Britain's interior minister Theresa May has criticised the European Union's approach to stemming the flow of migrants crossing the Mediterranean into Europe.
Ms May said that by not sending economic migrants back, the EU was encouraging them to travel.
International focus on the issue of migration into Europe has been sharpened by a series of disasters in the Mediterranean in which hundreds of migrants from North Africa have drowned after attempting to cross the sea in unsafe vessels.
After briefing the United Nations Security Council on plans to deal with such migration, the EU's foreign policy chief Federica Mogherini on Monday said no refugees or migrants intercepted at sea would be sent back against their will.

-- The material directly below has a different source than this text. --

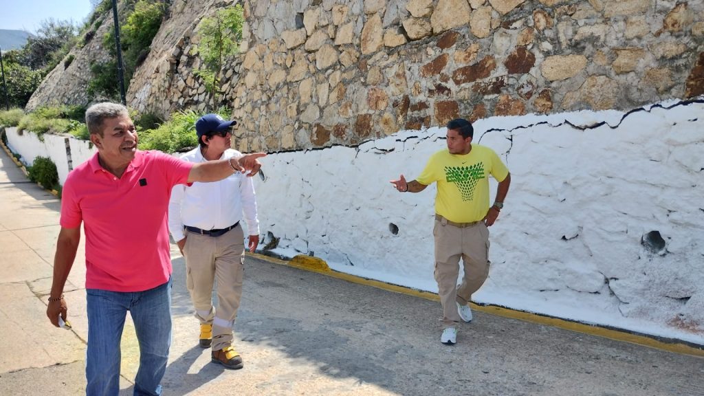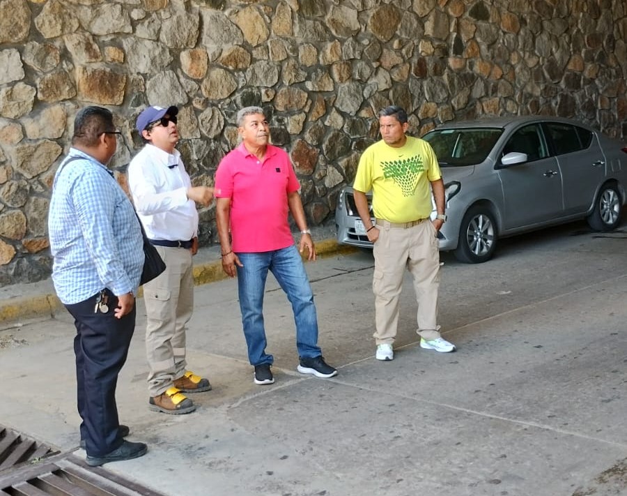 El Coordinador General de Protección Civil y Bomberos, Efrén Valdez Ramírez, junto a personal del área Técnica, y el apoyo del Colegio de Ingenieros Arquitectos del Estado de Guerrero, realizan la inspección en la avenida Adolfo López Mateos, en fraccionamiento Las Playas.

Home Secretary May criticised Ms Mogherini’s statement. “Such an approach would only act as an increased pull factor across the Mediterranean and encourage more people to put their lives at risk,” she wrote in an article in the Times newspaper.
About 1,800 migrants have perished in the Mediterranean this year, the United Nations refugee agency said.

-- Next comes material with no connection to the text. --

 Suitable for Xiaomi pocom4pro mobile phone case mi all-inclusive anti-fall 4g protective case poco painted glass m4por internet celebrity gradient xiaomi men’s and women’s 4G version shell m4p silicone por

Some 51,000 people have entered Europe by sea, with 30,500 coming via Italy, fleeing war and poverty in Asia, Africa and the Middle East.
On Tuesday, Britain said it would opt out of any EU plan to resettle refugees using country quotas, saying it preferred to focus its efforts on tackling people traffickers instead.
“We must - and will - resist calls for the mandatory relocation or resettlement of migrants across Europe. Such an approach would only strengthen the incentives for criminal gangs to keep plying their evil trade,” Ms May said.